▶ [Exercise description]: The answer must be an exact copy of the lines from the one containing "Um caminhão, placa" through the last line of the records, with no pictures.
==============================
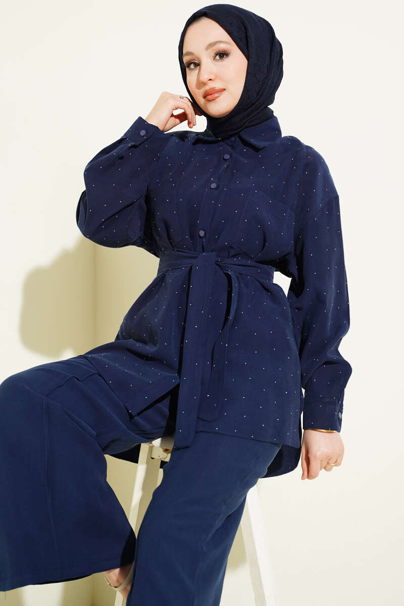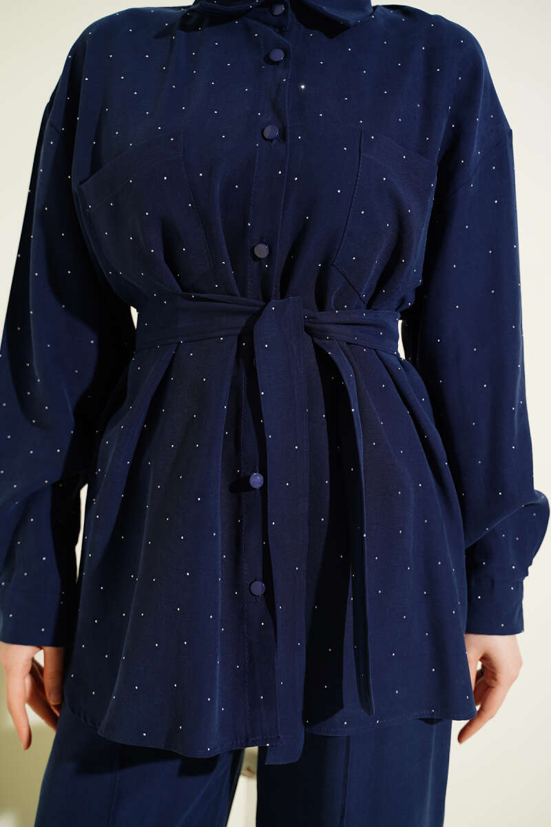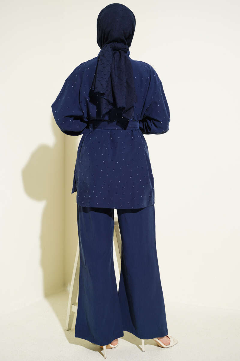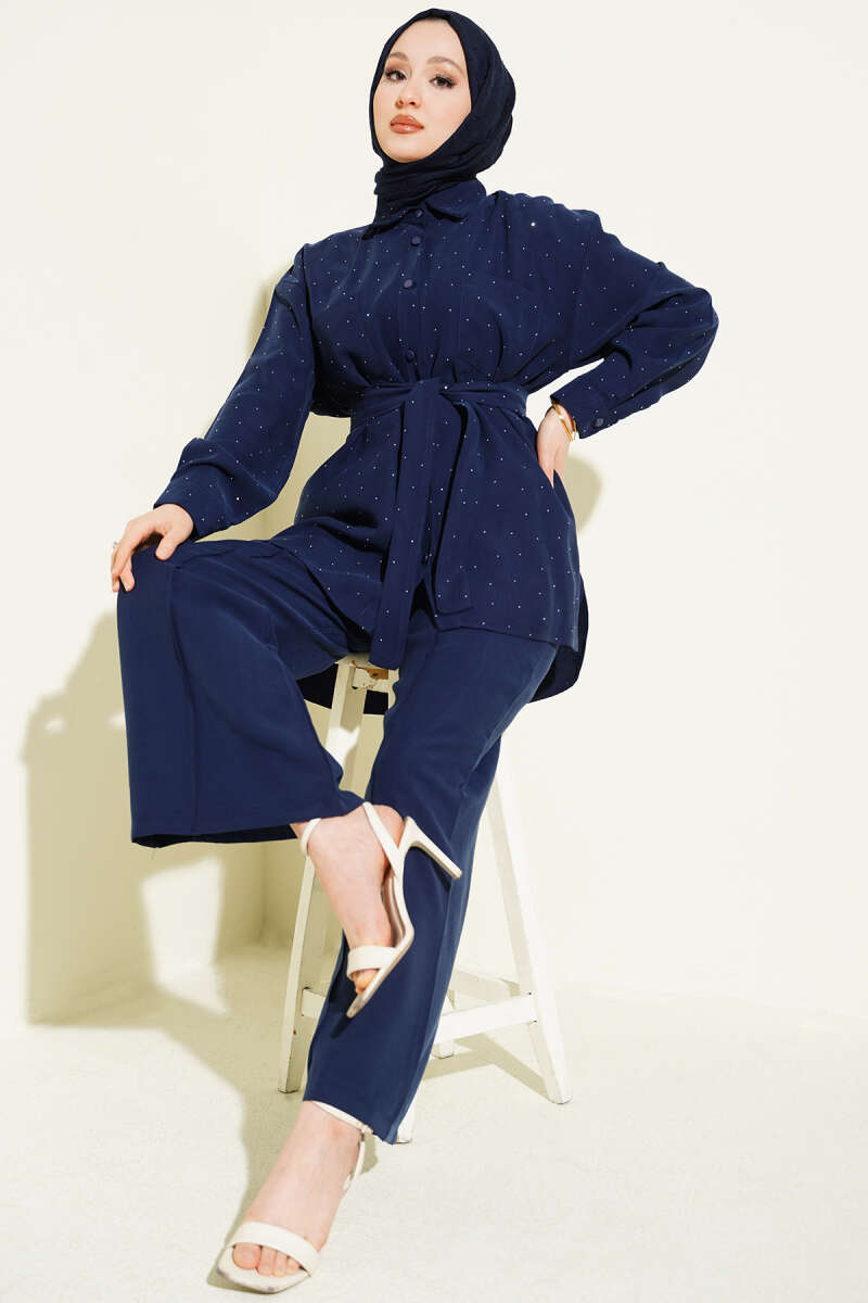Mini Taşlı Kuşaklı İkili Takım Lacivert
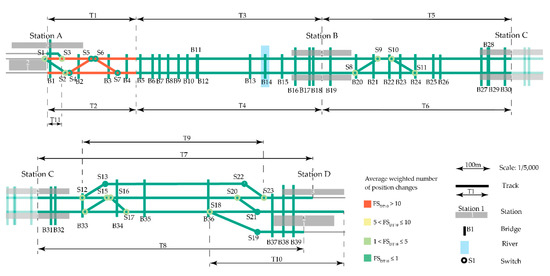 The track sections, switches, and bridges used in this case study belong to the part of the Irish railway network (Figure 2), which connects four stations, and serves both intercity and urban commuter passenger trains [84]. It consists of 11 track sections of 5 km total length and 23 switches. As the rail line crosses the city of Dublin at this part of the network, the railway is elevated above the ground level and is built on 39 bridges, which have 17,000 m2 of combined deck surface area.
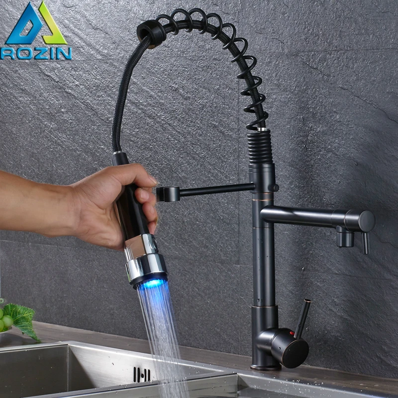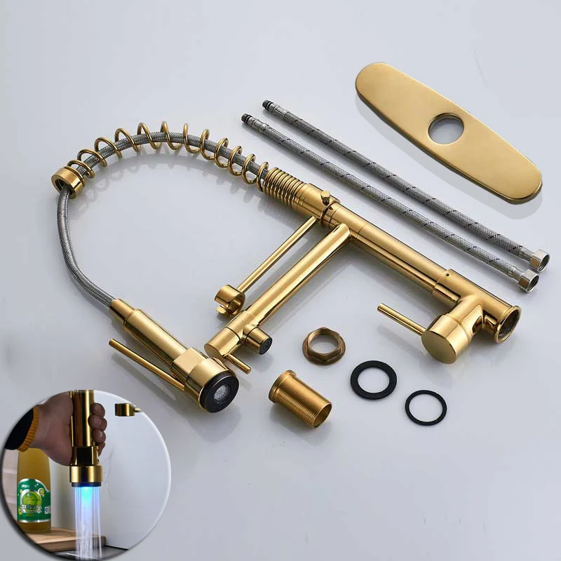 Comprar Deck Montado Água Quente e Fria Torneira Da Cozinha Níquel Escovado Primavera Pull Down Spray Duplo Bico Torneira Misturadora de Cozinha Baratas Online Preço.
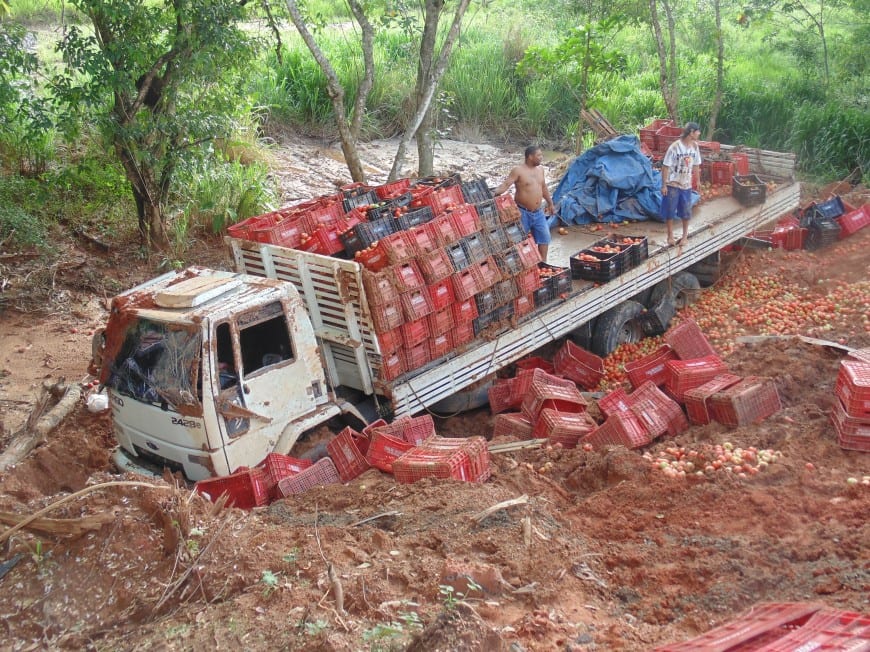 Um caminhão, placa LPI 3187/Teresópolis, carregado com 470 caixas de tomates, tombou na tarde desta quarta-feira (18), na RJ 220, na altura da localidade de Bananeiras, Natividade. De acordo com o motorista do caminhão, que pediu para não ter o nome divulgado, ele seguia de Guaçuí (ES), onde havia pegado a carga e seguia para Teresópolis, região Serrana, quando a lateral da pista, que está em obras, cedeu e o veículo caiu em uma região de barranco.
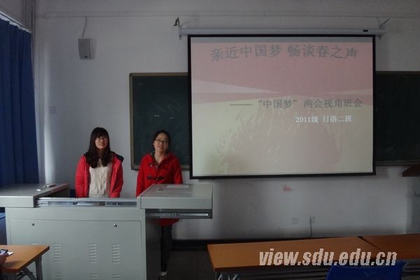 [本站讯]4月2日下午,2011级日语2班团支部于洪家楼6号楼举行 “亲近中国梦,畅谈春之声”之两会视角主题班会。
==============================
▶ [Result for this exercise]:
 Um caminhão, placa LPI 3187/Teresópolis, carregado com 470 caixas de tomates, tombou na tarde desta quarta-feira (18), na RJ 220, na altura da localidade de Bananeiras, Natividade. De acordo com o motorista do caminhão, que pediu para não ter o nome divulgado, ele seguia de Guaçuí (ES), onde havia pegado a carga e seguia para Teresópolis, região Serrana, quando a lateral da pista, que está em obras, cedeu e o veículo caiu em uma região de barranco.
 [本站讯]4月2日下午,2011级日语2班团支部于洪家楼6号楼举行 “亲近中国梦,畅谈春之声”之两会视角主题班会。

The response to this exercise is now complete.